» **About this task**:
Find "En la última" below and begin at its line; stop after the line with "Capitanich presidió la". Output those lines exactly, without pictures.

» **Source data**:
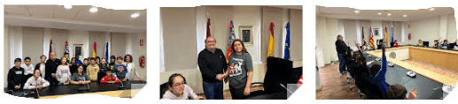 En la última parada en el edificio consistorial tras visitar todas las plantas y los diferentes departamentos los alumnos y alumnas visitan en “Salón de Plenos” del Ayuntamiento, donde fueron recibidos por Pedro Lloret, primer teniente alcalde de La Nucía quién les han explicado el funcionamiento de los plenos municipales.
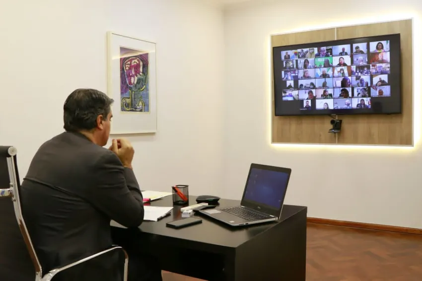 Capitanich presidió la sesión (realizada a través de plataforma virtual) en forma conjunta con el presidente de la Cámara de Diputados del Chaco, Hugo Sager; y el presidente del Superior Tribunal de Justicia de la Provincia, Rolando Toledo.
* * *
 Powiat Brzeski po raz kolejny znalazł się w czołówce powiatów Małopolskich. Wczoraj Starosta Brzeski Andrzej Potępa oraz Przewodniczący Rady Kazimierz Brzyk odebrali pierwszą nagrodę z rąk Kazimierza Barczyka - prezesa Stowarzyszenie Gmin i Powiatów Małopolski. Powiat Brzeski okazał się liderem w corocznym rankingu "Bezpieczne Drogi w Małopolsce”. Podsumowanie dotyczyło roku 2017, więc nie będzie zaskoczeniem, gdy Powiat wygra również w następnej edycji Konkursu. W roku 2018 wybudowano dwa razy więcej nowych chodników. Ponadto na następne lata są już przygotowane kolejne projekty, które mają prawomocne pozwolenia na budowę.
--
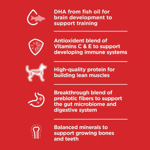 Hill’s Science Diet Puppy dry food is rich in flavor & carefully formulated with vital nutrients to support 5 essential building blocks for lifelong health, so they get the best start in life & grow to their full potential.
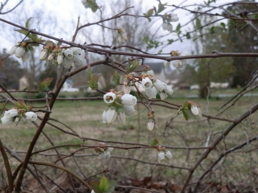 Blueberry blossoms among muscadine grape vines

» **Your response**:
 En la última parada en el edificio consistorial tras visitar todas las plantas y los diferentes departamentos los alumnos y alumnas visitan en “Salón de Plenos” del Ayuntamiento, donde fueron recibidos por Pedro Lloret, primer teniente alcalde de La Nucía quién les han explicado el funcionamiento de los plenos municipales.
 Capitanich presidió la sesión (realizada a través de plataforma virtual) en forma conjunta con el presidente de la Cámara de Diputados del Chaco, Hugo Sager; y el presidente del Superior Tribunal de Justicia de la Provincia, Rolando Toledo.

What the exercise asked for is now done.